1. 複数のバンクを順に切り換えながら、バンクごとのロウアドレスを印加してメモリアクセスする。
2. いずれかのバンクに戻り、そのバンクの、前回と同じロウアドレスを印加してメモリアクセスする。
ステップ1. 第1バンクBANK1のロウアドレスADRS_ROW1にアクセスする。
ステップ2. 第2バンクBANK2のロウアドレスADRS_ROW2にアクセスする。
ステップ3. 第3バンクBANK3のロウアドレスADRS_ROW3にアクセスする。
ステップ4. 第4バンクBANK4のロウアドレスADRS_ROW4にアクセスする。
ステップ5. 再度、第1バンクBANK1のロウアドレスADRS_ROW1にアクセスする。
パターンプログラムによって、アクセス先の第1バンクBANK1を指定するバンクアドレスBAを含むメモリ制御信号MCNTが生成される。
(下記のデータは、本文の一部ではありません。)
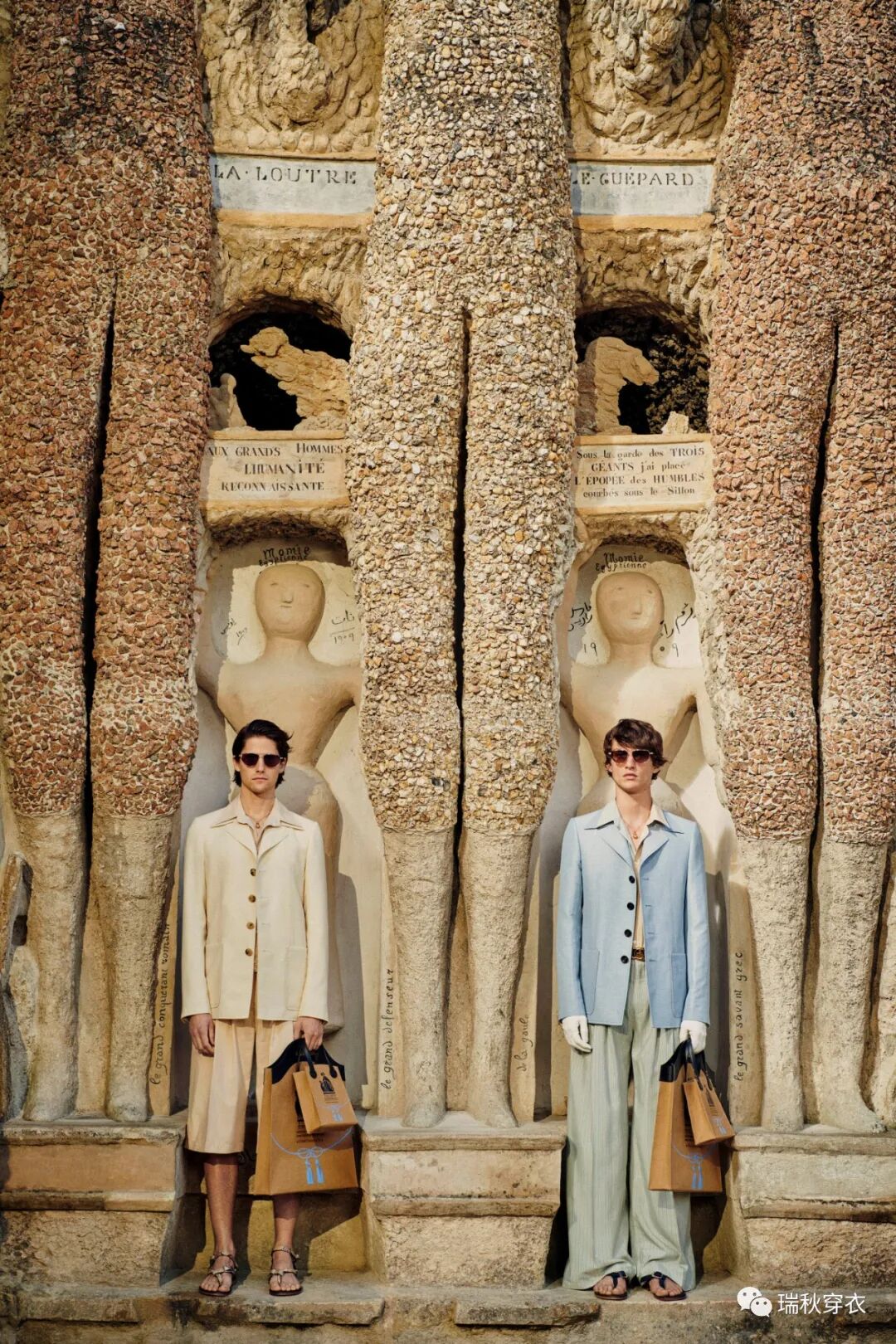 Lanvin2021度假展的拍攝地在法國裏昂的Le Palais Ideal。博主是第一次聽說,一查之下,被它背後的故事完全迷住,忍不住羅嗦兩句 - 用一句俗話講,這是個見證奇跡的地方,是二十世紀,法國一名鄉村郵遞員Ferdinand Cheval曆時33年獨自建成。Ferdinand 出生於農家,13歲輟學,沒有任何建築,藝術,設計的培訓。在他43歲那年,一天Ferdinand走在路上差點被一塊石頭絆倒。他回身去看個究竟,發現了一塊砂岩,他撿起這塊石頭,覺得這塊岩石很美。四下看看後,他發現了更多同樣美妙的石塊。他自述說“既然大自然願意雕刻,那我來做泥瓦工和建築師吧” (Since nature is willing to do the sculpture, I will do the masonry and the architecture)。自此33年不間斷,獨自一人手工創造出這個城堡。

また、アドレス演算回路10によりDUT200のアクセス先を指定するロウアドレスADRS_ROW1、カラムアドレスADRS_COLが生成される。試験装置100は、メモリ制御信号MCNTに含まれるバンクアドレスBA、アドレスADRS_ROW1、ADRS_COLを利用してDUT200にアクセスする。
パターンプログラムにより、第1バンクBANK1を示すバンクアドレスBAを含むメモリ制御信号MCNTが生成される。リードアドレス設定回路18は、バンクアドレスBAを含むメモリ制御信号MCNTを受け、バンクアドレスBAに応じたロードアドレスlaを設定する。具体的には、第1バンクBANK1を指定するバンクアドレスBAからロードアドレスla(=#1)を生成し、ロウアドレス用メモリ12のリードアドレス端子RAに供給する。その結果、ロウアドレス用メモリ12のリードデータ端子RDからは、アドレス#1にセーブされているロウアドレスADRS_ROW1が出力される。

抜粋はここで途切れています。